A l’époque des étrennes, pour le cas où vous envisageriez
d’offrir ou de vous faire offrir une fourrure, alléchés
par les placards publicitaires des journaux, les photos, les mannequins
élégants, sachez que :
- plus de 30 millions d’animaux sont exterminés chaque année
dans le monde pour le commerce
de leur fourrure
- dont près de deux cent mille bébés phoques au
large de Terre Neuve dans des conditions abominables : les chasseurs
envahissent les pays du Grand Nord, au mois de mars, quand les mères
allaitent leur nouveau-né, la tuerie s’effectue quand les petits
n’ont pas plus de cinq semaines, pour que leur fourrure soit encore
blanche. Ces jeunes animaux sont assommés à coups de gourdin,
le sang éclaboussant la mère qui hurle de désespoir
en entendant le craquement des crânes qui éclatent. Les
bébés phoques sont souvent éventrés vivants,
pour aller plus vite. Les peaux rasées, traitées et teintes
en Europe sont ensuite expédiées au Japon, mais près
de 10 000 sont gardées en France par les industriels de la maroquinerie
qui les transforment en gadgets, comme ces porte-clefs vendus dans les
stations de sport d’hiver :
- les astrakans nouveau-nés sont tués à la naissance,
sous leur mère, à l’aide d’un pistolet qui leur percute
la cervelle ;
- des coyotes sont pourchassés par des hommes en jeeps ;
- des loups sont massacrés par une pluie de balles tirées
d’un avion ;
- on décime les renards, en les accusant d’avoir la rage ;
- les félins, animaux nocturnes, sont attirés vers un
piège grâce à un appât, qui est souvent une
chèvre effrayée. Si le collet d’acier les saisit par le
cou, ils meurent vite.
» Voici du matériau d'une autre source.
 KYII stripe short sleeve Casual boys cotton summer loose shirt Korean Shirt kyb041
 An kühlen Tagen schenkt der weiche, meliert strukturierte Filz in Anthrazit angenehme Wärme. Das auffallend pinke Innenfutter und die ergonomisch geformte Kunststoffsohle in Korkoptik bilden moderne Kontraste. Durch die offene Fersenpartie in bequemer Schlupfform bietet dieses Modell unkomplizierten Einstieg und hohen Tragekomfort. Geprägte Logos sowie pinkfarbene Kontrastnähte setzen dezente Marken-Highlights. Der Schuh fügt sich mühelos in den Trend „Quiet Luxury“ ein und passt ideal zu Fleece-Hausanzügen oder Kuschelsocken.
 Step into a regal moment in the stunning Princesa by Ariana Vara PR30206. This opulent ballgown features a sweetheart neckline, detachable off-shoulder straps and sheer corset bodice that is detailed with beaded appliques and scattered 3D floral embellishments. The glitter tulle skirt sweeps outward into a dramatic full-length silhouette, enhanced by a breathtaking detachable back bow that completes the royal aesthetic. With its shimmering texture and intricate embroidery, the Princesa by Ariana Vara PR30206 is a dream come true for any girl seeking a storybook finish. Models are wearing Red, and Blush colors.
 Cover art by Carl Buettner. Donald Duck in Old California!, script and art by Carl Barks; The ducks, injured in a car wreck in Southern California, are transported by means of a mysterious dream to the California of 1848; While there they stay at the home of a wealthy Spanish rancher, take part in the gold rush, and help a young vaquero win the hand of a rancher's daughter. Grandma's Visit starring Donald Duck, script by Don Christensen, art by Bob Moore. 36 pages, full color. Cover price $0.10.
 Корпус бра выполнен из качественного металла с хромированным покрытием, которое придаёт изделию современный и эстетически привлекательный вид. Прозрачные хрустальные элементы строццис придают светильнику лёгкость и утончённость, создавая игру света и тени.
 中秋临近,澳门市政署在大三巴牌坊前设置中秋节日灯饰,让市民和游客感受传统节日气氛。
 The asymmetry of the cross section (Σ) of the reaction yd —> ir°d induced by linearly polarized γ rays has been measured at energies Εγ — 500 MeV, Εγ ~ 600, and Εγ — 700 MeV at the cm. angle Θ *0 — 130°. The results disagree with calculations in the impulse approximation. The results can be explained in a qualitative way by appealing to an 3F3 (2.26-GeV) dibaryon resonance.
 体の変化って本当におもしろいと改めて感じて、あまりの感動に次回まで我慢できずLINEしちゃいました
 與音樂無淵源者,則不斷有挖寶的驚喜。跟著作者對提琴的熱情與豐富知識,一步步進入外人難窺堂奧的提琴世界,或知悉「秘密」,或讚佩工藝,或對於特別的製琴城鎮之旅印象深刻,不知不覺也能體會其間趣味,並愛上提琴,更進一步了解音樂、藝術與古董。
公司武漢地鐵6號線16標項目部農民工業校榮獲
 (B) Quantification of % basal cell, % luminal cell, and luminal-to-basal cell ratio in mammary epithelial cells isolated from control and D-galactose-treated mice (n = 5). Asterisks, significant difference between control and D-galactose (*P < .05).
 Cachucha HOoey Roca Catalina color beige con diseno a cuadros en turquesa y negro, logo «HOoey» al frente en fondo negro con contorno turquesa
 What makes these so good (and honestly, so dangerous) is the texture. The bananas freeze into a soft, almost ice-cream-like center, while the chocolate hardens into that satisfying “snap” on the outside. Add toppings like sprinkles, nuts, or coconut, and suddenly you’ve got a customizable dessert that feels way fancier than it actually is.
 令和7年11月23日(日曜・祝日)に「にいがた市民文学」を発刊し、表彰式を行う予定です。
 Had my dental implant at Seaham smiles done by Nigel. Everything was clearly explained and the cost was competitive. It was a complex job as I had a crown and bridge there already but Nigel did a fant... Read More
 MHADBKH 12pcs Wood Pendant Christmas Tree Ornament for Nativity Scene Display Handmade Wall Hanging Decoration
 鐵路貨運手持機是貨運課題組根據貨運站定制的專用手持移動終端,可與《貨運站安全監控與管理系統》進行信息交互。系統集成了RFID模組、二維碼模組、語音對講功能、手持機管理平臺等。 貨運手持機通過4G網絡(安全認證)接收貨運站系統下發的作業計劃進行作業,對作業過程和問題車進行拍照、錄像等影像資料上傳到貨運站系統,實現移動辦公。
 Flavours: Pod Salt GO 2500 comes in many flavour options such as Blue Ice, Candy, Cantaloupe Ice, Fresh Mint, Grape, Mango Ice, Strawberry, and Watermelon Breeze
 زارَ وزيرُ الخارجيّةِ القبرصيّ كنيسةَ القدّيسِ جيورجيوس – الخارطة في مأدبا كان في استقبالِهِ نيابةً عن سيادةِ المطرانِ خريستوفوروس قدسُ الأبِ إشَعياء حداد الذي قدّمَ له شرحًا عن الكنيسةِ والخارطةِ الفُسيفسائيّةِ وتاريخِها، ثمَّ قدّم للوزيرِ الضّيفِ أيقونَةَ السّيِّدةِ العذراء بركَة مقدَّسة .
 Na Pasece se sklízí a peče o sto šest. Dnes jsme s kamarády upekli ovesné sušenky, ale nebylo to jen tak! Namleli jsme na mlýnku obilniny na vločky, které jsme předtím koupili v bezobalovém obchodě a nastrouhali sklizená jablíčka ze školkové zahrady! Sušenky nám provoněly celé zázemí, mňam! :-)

Mais s’ils sont attrapés par une patte,
ils agonisent longtemps dans des douleurs atroces ;
- malgré bien des campagnes, tout un peuple de petits animaux,
les lièvres, les castors, les hermines, les loutres, les visons,
les martres sont couramment attrapés par des pièges à
mâchoires dentées qui les gardent prisonniers avant qu’ils
ne meurent, dans d’abominables souffrances, d’épuisement, de
froid et de faim.
Les journaux, et tous les médias, ne manquent pas d’informer
le public sur les autres massacres perpétrés par la race
humaine. Mais ceux-là font la fortune des fourreurs, alors on
n’en parle pas trop !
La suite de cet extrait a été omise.